でも! さっちゃんの気分が回復するんなら我慢するよ!
「あ、氷が無くなったね。また出そうか?」
「ありがとう。でも大丈夫だよ、もう落ち着いたし元気も出たから」
「ならよかったよ」
表情も声色もいつものさっちゃんだ。
それから少しお話をした後にお風呂を出て、着替えた後にリビングに戻った。
すでに朝食が準備されていたので、二人で食べる。
「おー、今朝も豪華だねー。お母さんをちょっと見直したよ」
「あんたの為じゃないからね」
「見たら分かるよ。さー、さっちゃん! いっぱい食べてね!」
「うん。クレアおばさん、ありがとうございます」
「いいのよ。さ、召し上がれ」
「はい」
すごく肉肉しい朝食だね。
朝からこんなのを食べたら一日中気持ち悪くなりそう。 わたしは普通の朝食でよかったけど、これはさっちゃんへのお礼だからね。
「はい、あーんして!」
「あーん……ん、ありがとう」
「いいよ。次はこれ! はい、あーん!」
「あーん……、うん、美味しいよ」
そんな感じで楽しい朝食を終えた。
今日は茄子が出てこなかったので一安心だ。
最近のお母さんは油断できない。天使だと思ったら次の瞬間には悪魔になってる。
……いや、悪魔が天使の服を着てるだけかも?
「食べ終わったんなら、学校に行く準備しなさい。遅刻したら今月の小遣い無しだからね」
「うん……」
やっぱり悪魔だ。天使はお小遣い無しなんて言わない。
きっと、わたしに嫌がらせをする為に地獄からやってきたに違いない。
わたしを苦しめたら力が増すんだ。悪魔は負の感情で力を増すとか絵本に書いてあった気がする。
お母さんは大悪魔とかを目指してる修行中の悪魔で、天使の服を着て人間に近づき、油断したところに思いっきり嫌がらせをして負の感情を集めてるに違いない。
……そうだよ、昨日の晩御飯もそうだった。
さっちゃん大好きフルコースからの茄子地獄を味わった。負の感情が大爆発だ。このままじゃダメだ、何か対策をしないと……。

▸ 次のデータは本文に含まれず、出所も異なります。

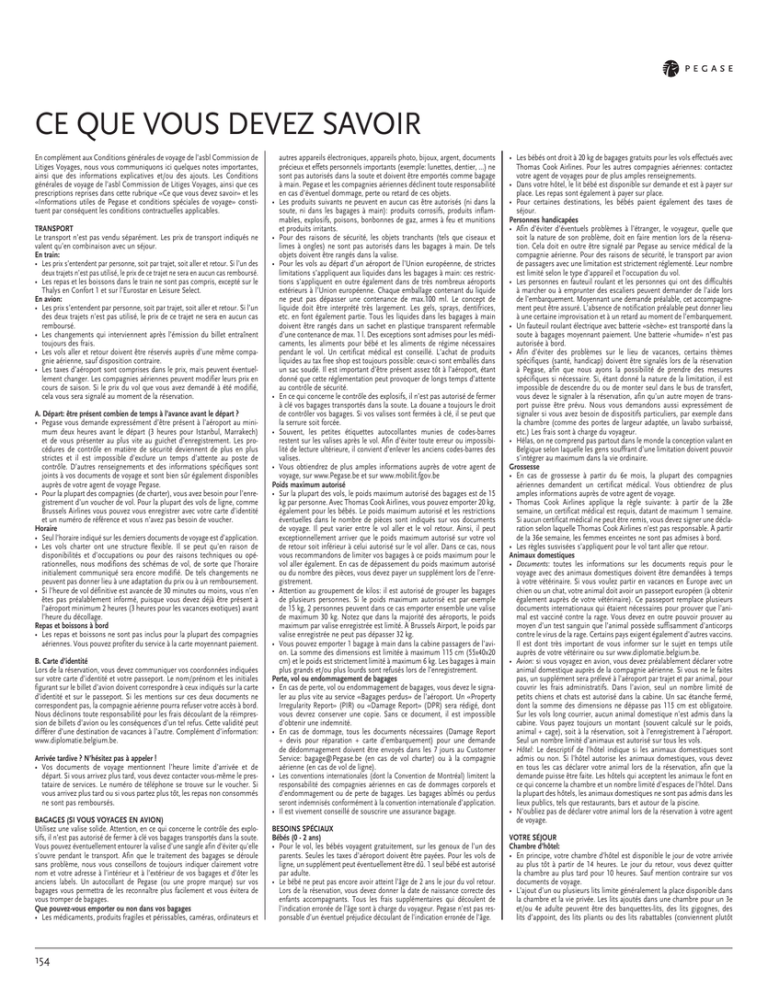 CE QUE VOUS DEVEZ SAVOIR En complément aux Conditions générales de voyage de l’asbl Commission de Litiges Voyages, nous vous communiquons ici quelques notes importantes, ainsi que des informations explicatives et/ou des ajouts. Les Conditions générales de voyage de l’asbl Commission de Litiges Voyages, ainsi que ces prescriptions reprises dans cette rubrique «Ce que vous devez savoir» et les «Informations utiles de Pegase et conditions spéciales de voyage» constituent par conséquent les conditions contractuelles applicables. TRANSPORT Le transport n’est pas vendu séparément. Les prix de transport indiqués ne valent qu’en combinaison avec un séjour. En train: • Les prix s’entendent par personne, soit par trajet, soit aller et retour. Si l’un des deux trajets n’est pas utilisé, le prix de ce trajet ne sera en aucun cas remboursé. • Les repas et les boissons dans le train ne sont pas compris, excepté sur le Thalys en Confort 1 et sur l’Eurostar en Leisure Select. En avion: • Les prix s’entendent par personne, soit par trajet, soit aller et retour. Si l’un des deux trajets n’est pas utilisé, le prix de ce trajet ne sera en aucun cas remboursé. • Les changements qui interviennent après l’émission du billet entraînent toujours des frais. • Les vols aller et retour doivent être réservés auprès d’une même compagnie aérienne, sauf disposition contraire. • Les taxes d’aéroport sont comprises dans le prix, mais peuvent éventuellement changer. Les compagnies aériennes peuvent modifier leurs prix en cours de saison. Si le prix du vol que vous avez demandé à été modifié, cela vous sera signalé au moment de la réservation. A. Départ: être présent combien de temps à l’avance avant le départ ? • Pegase vous demande expressément d’être présent à l’aéroport au minimum deux heures avant le départ (3 heures pour Istanbul, Marrakech) et de vous présenter au plus vite au guichet d’enregistrement. Les procédures de contrôle en matière de sécurité deviennent de plus en plus strictes et il est impossible d’exclure un temps d’attente au poste de contrôle. D’autres renseignements et des informations spécifiques sont joints à vos documents de voyage et sont bien sûr également disponibles auprès de votre agent de voyage Pegase. • Pour la plupart des compagnies (de charter), vous avez besoin pour l’enregistrement d’un voucher de vol. Pour la plupart des vols de ligne, comme Brussels Airlines vous pouvez vous enregistrer avec votre carte d’identité et un numéro de référence et vous n’avez pas besoin de voucher. Horaire • Seul l’horaire indiqué sur les derniers documents de voyage est d’application. • Les vols charter ont une structure flexible. Il se peut qu’en raison de disponibilités et d’occupations ou pour des raisons techniques ou opérationnelles, nous modifions des schémas de vol, de sorte que l’horaire initialement communiqué sera encore modifié. De tels changements ne peuvent pas donner lieu à une adaptation du prix ou à un remboursement. • Si l’heure de vol définitive est avancée de 30 minutes ou moins, vous n’en êtes pas préalablement informé, puisque vous devez déjà être présent à l’aéroport minimum 2 heures (3 heures pour les vacances exotiques) avant l’heure du décollage. Repas et boissons à bord • Les repas et boissons ne sont pas inclus pour la plupart des compagnies aériennes. Vous pouvez profiter du service à la carte moyennant paiement. B. Carte d’identité Lors de la réservation, vous devez communiquer vos coordonnées indiquées sur votre carte d’identité et votre passeport. Le nom/prénom et les initiales figurant sur le billet d’avion doivent correspondre à ceux indiqués sur la carte d’identité et sur le passeport. Si les mentions sur ces deux documents ne correspondent pas, la compagnie aérienne pourra refuser votre accès à bord. Nous déclinons toute responsabilité pour les frais découlant de la réimpression de billets d’avion ou les conséquences d’un tel refus. Cette validité peut différer d’une destination de vacances à l’autre. Complément d’information: www.diplomatie.belgium.be. Arrivée tardive ? N’hésitez pas à appeler ! • Vos documents de voyage mentionnent l’heure limite d’arrivée et de départ. Si vous arrivez plus tard, vous devez contacter vous-même le prestataire de services. Le numéro de téléphone se trouve sur le voucher. Si vous arrivez plus tard ou si vous partez plus tôt, les repas non consommés ne sont pas remboursés. BAGAGES (SI VOUS VOYAGES EN AVION) Utilisez une valise solide. Attention, en ce qui concerne le contrôle des explosifs, il n’est pas autorisé de fermer à clé vos bagages transportés dans la soute. Vous pouvez éventuellement entourer la valise d’une sangle afin d’éviter qu’elle s’ouvre pendant le transport. Afin que le traitement des bagages se déroule sans problème, nous vous conseillons de toujours indiquer clairement votre nom et votre adresse à l’intérieur et à l’extérieur de vos bagages et d’ôter les anciens labels. Un autocollant de Pegase (ou une propre marque) sur vos bagages vous permettra de les reconnaître plus facilement et vous évitera de vous tromper de bagages. Que pouvez-vous emporter ou non dans vos bagages • Les médicaments, produits fragiles et périssables, caméras, ordinateurs et 154 autres appareils électroniques, appareils photo, bijoux, argent, documents précieux et effets personnels importants (exemple: lunettes, dentier, …) ne sont pas autorisés dans la soute et doivent être emportés comme bagage à main. Pegase et les compagnies aériennes déclinent toute responsabilité en cas d’éventuel dommage, perte ou retard de ces objets. • Les produits suivants ne peuvent en aucun cas être autorisés (ni dans la soute, ni dans les bagages à main): produits corrosifs, pr

「アリアちゃん、考え事は後にしよう。まだ余裕はあるけど、のんびりしてたら本当に遅刻しちゃうよ」
「うん……」
こうして考えてるのも悪魔の作戦に違いない。時間を使わせて遅刻させようとしてるんだ。
……わたしは負けない! 悪魔に打ち勝ってみせる!
「さっちゃん、急いで着替えよう! 悪魔の作戦に乗っちゃダメだよ!」
「……うん、そうだね」
部屋で学校に行く支度をする。
わたしは昨日と同じ、質素な服を選ぶ。着替える時間も省けて一石二鳥だ。
「よし! 準備完了! すぐに行こう!」
「……今日もその格好なの?」
「う、うん。ダメ……かな?」
「アリアちゃんは可愛いんだから、もっと可愛らしい恰好の方が似合うよ」
「うーーーん、そうなんだけど、そんな気分じゃないとないと言うか何というか……」
「私が選んであげる」
「うん……」
さっちゃんコーディネート……たまにはいいかも……。
「……これって、学校に行く恰好かな?」
「うん、凄く可愛いよ」
さっちゃんが時間をかけて選んだコーディネートは、どう見ても学校に行く恰好ではなかった。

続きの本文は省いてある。